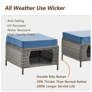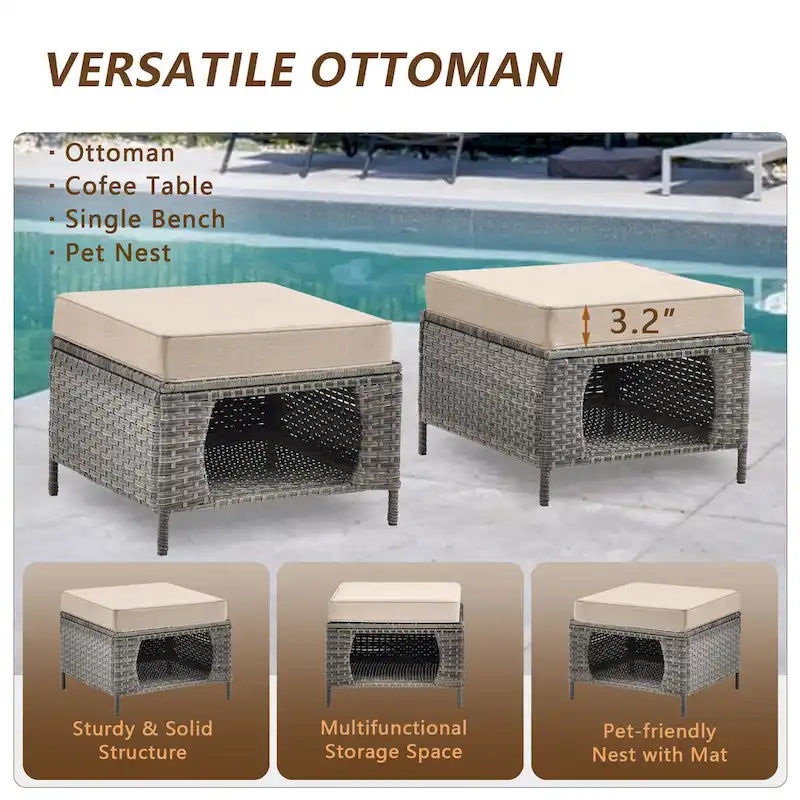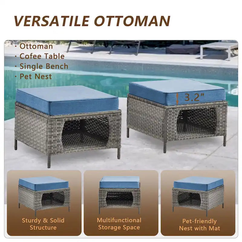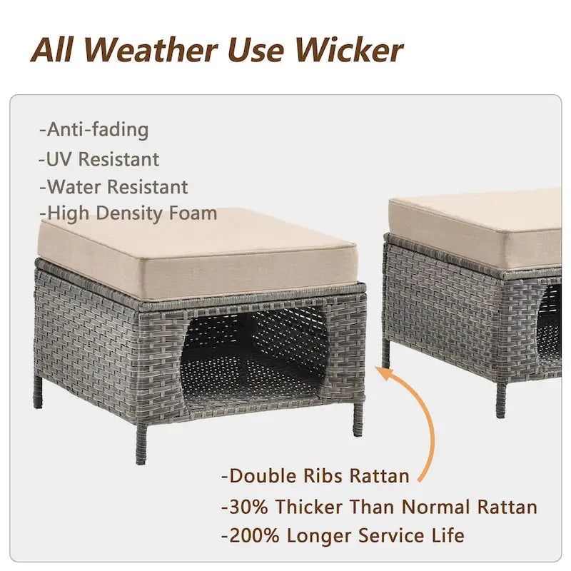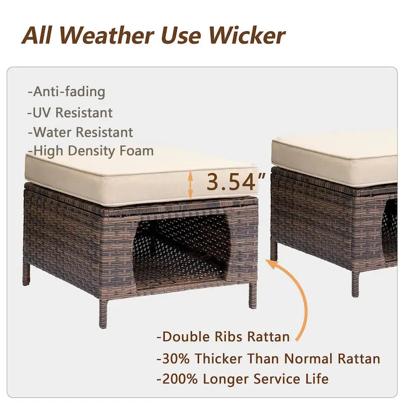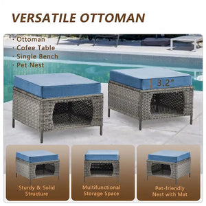 Xingzjojor wicker patio furniture set bring you a better outdoor experience. Wicker Ottoman with cushion can be used as a cofee table, seat or pet nest. More surprise is its hollowed-out design makes it can storage toys, pillows and blankets, also it can be used as a pet house for cats and small dogs. Great for multi-pet households. Furniture cushion is made of polyester or olefin material, thick sponge seat cushions make outdoor space more comfortable. All the furniture is handwoven all-weather resin wicker, powder-coated steel frames to ensure comfort and durability, it is also water resistant to UV protectionas well as the convenience of easy assembly.
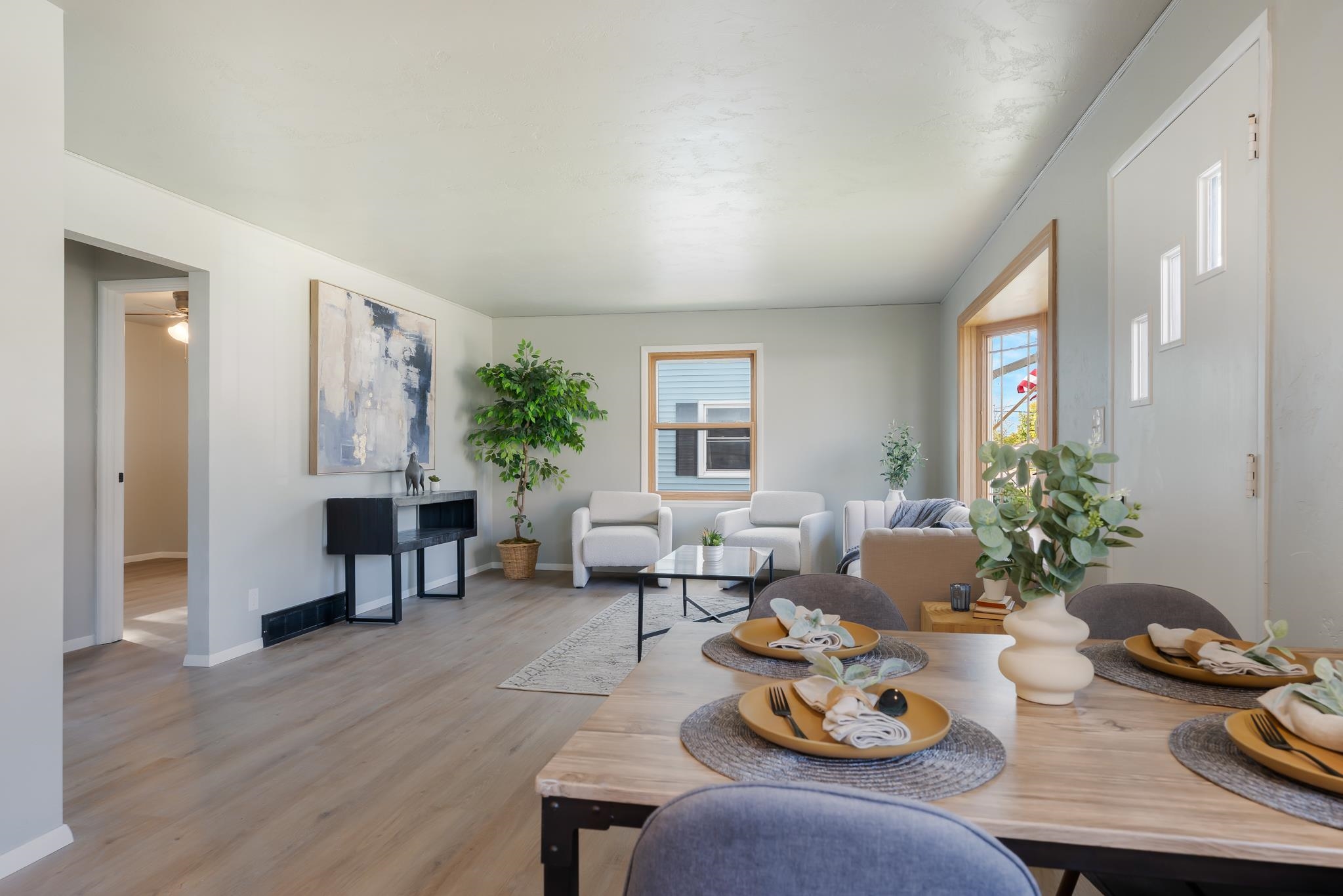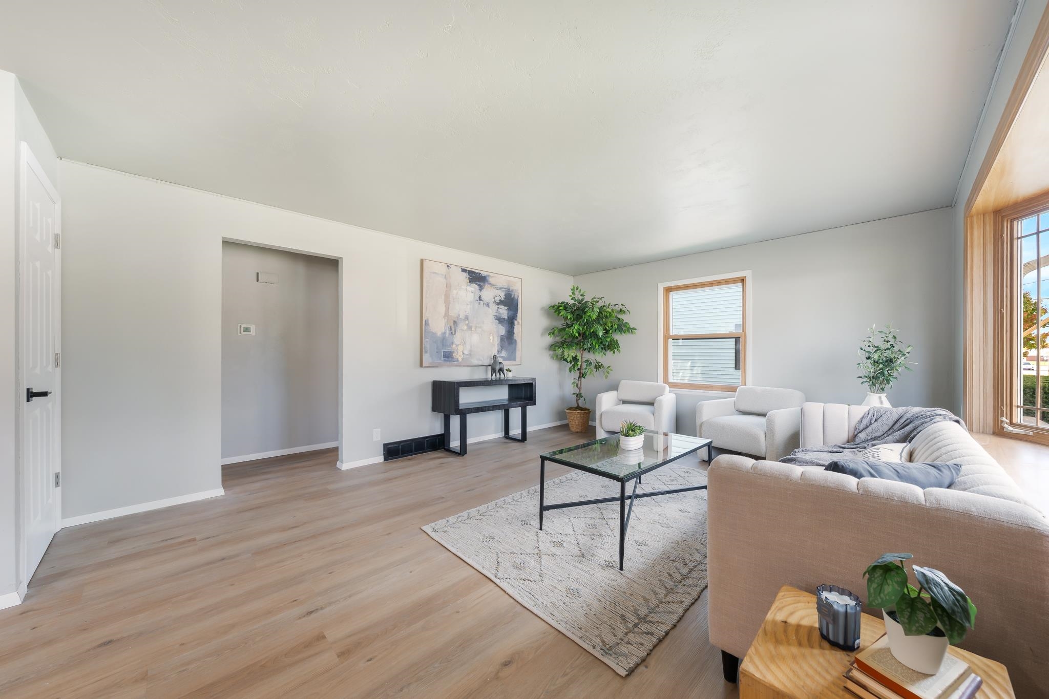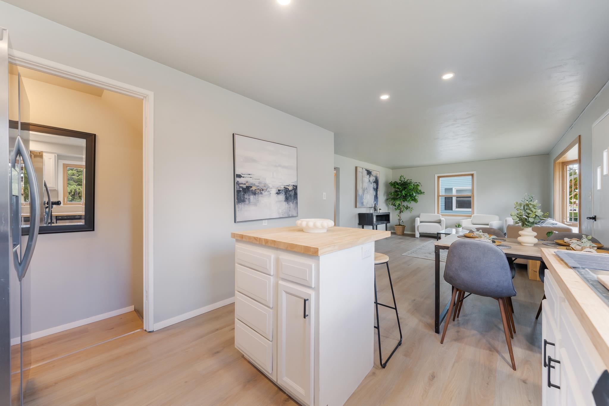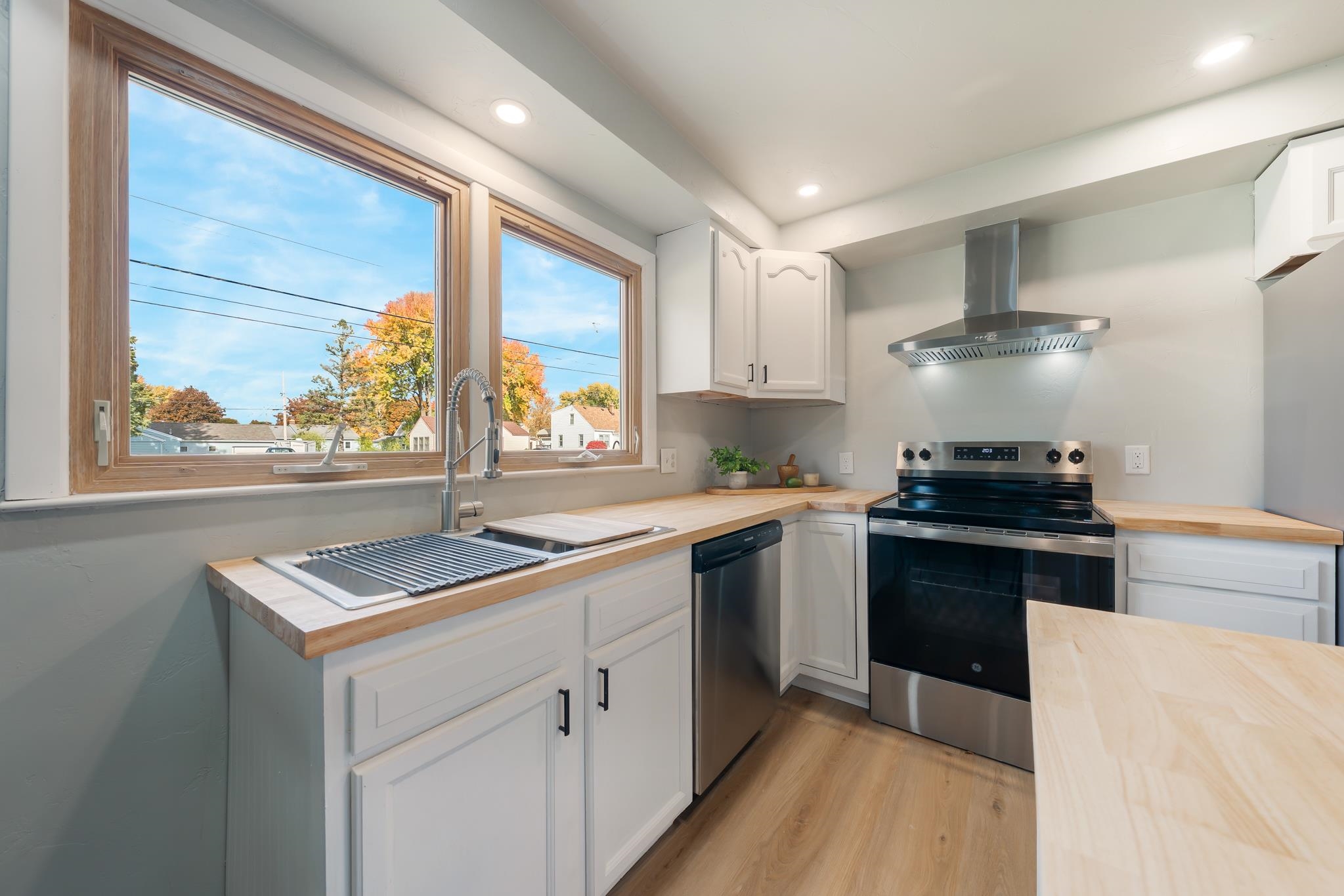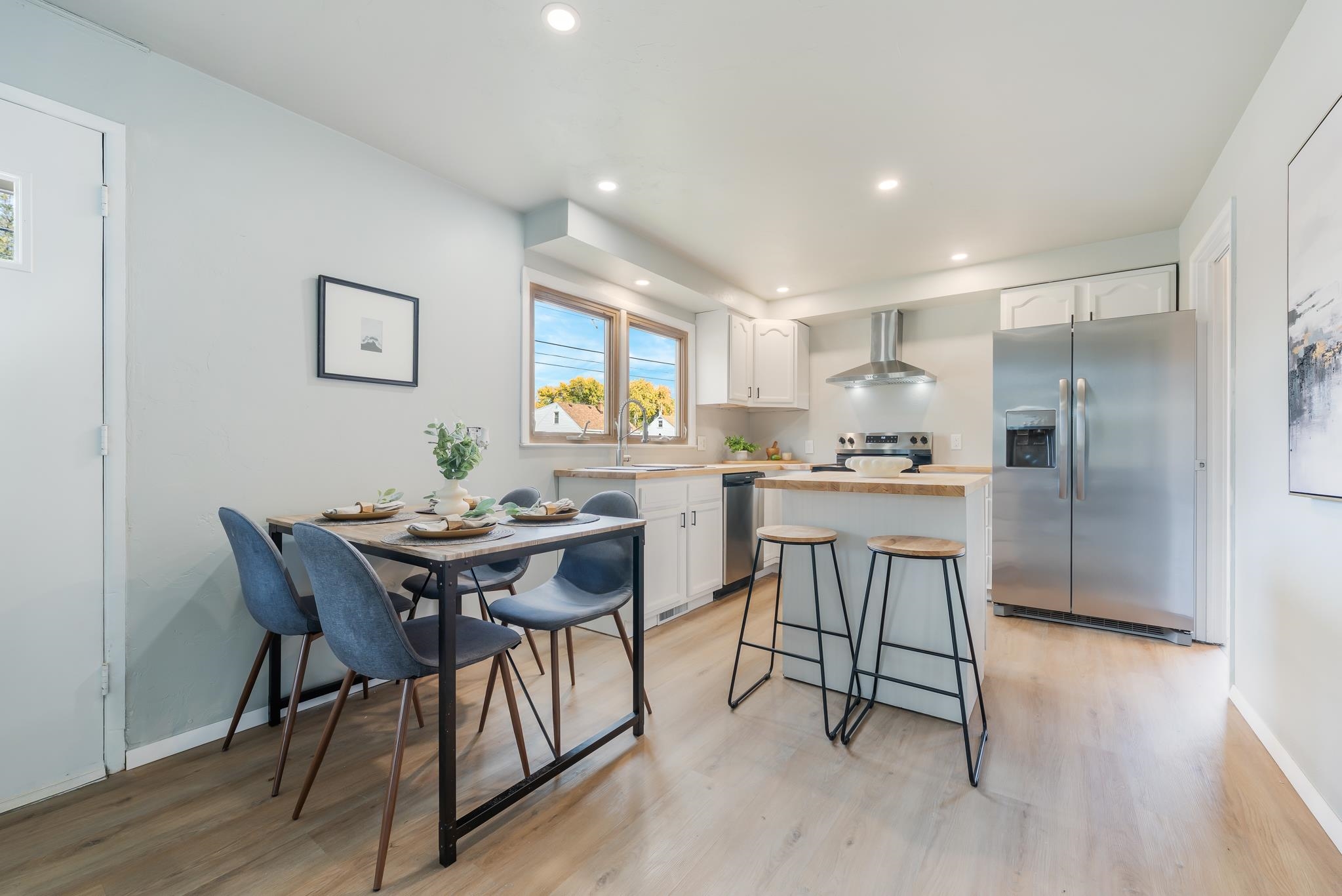 This thoughtfully updated 3 bedroom home offers a welcoming open layout with modern finishes throughout. The kitchen features new stainless steel appliances, butcher block countertops, and a clean, functional design perfect for everyday living. Enjoy new luxury vinyl plank flooring, a stylish tiled shower, and numerous additional updates that make this home truly move-in ready. Outside, the spacious 2.5-car garage provides plenty of room for parking and storage. Conveniently located near schools, shopping, and parks, this rare find combines comfort, style, and practicality in one great package.
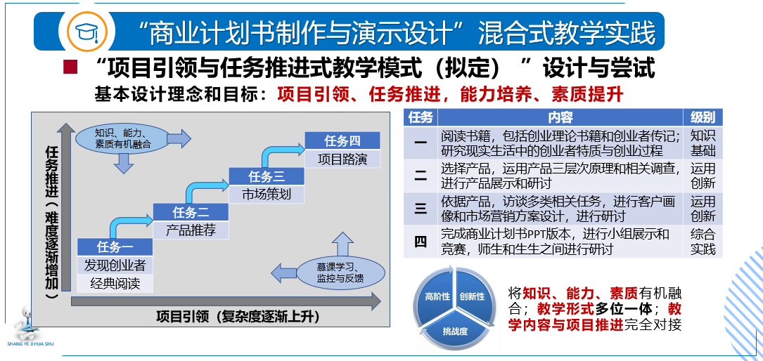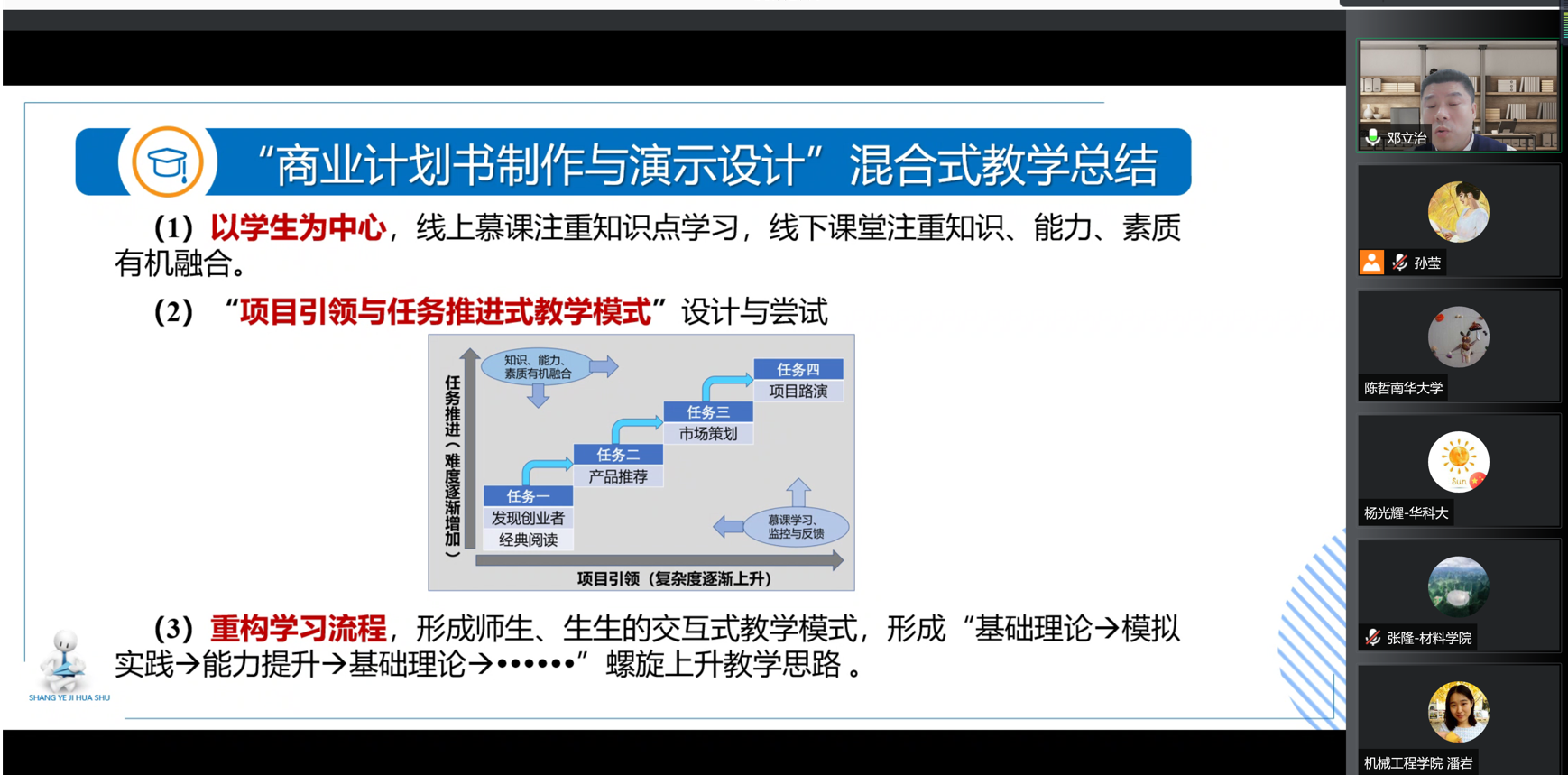 接下来,邓立治老师在介绍“商业计划书制作与演示设计”课程体系的基础上,系统地介绍了该课程进行混合式教学实践探索的过程,包括遵循金课“两性一度”标准,设计和实施了课程“项目引领与任务推荐式教学模式”,并从“以员工为中心”“项目引领与任务推进式教学模式”“重构学习流程”等几方面总结了课程混合式教学改革经验。

◆ **ACTION ITEM**
Transcribe the full listing above exactly, with the images removed.

◆ **EXERCISE ANSWER**
 Xingzjojor wicker patio furniture set bring you a better outdoor experience. Wicker Ottoman with cushion can be used as a cofee table, seat or pet nest. More surprise is its hollowed-out design makes it can storage toys, pillows and blankets, also it can be used as a pet house for cats and small dogs. Great for multi-pet households. Furniture cushion is made of polyester or olefin material, thick sponge seat cushions make outdoor space more comfortable. All the furniture is handwoven all-weather resin wicker, powder-coated steel frames to ensure comfort and durability, it is also water resistant to UV protectionas well as the convenience of easy assembly.
 This thoughtfully updated 3 bedroom home offers a welcoming open layout with modern finishes throughout. The kitchen features new stainless steel appliances, butcher block countertops, and a clean, functional design perfect for everyday living. Enjoy new luxury vinyl plank flooring, a stylish tiled shower, and numerous additional updates that make this home truly move-in ready. Outside, the spacious 2.5-car garage provides plenty of room for parking and storage. Conveniently located near schools, shopping, and parks, this rare find combines comfort, style, and practicality in one great package.
 接下来,邓立治老师在介绍“商业计划书制作与演示设计”课程体系的基础上,系统地介绍了该课程进行混合式教学实践探索的过程,包括遵循金课“两性一度”标准,设计和实施了课程“项目引领与任务推荐式教学模式”,并从“以员工为中心”“项目引领与任务推进式教学模式”“重构学习流程”等几方面总结了课程混合式教学改革经验。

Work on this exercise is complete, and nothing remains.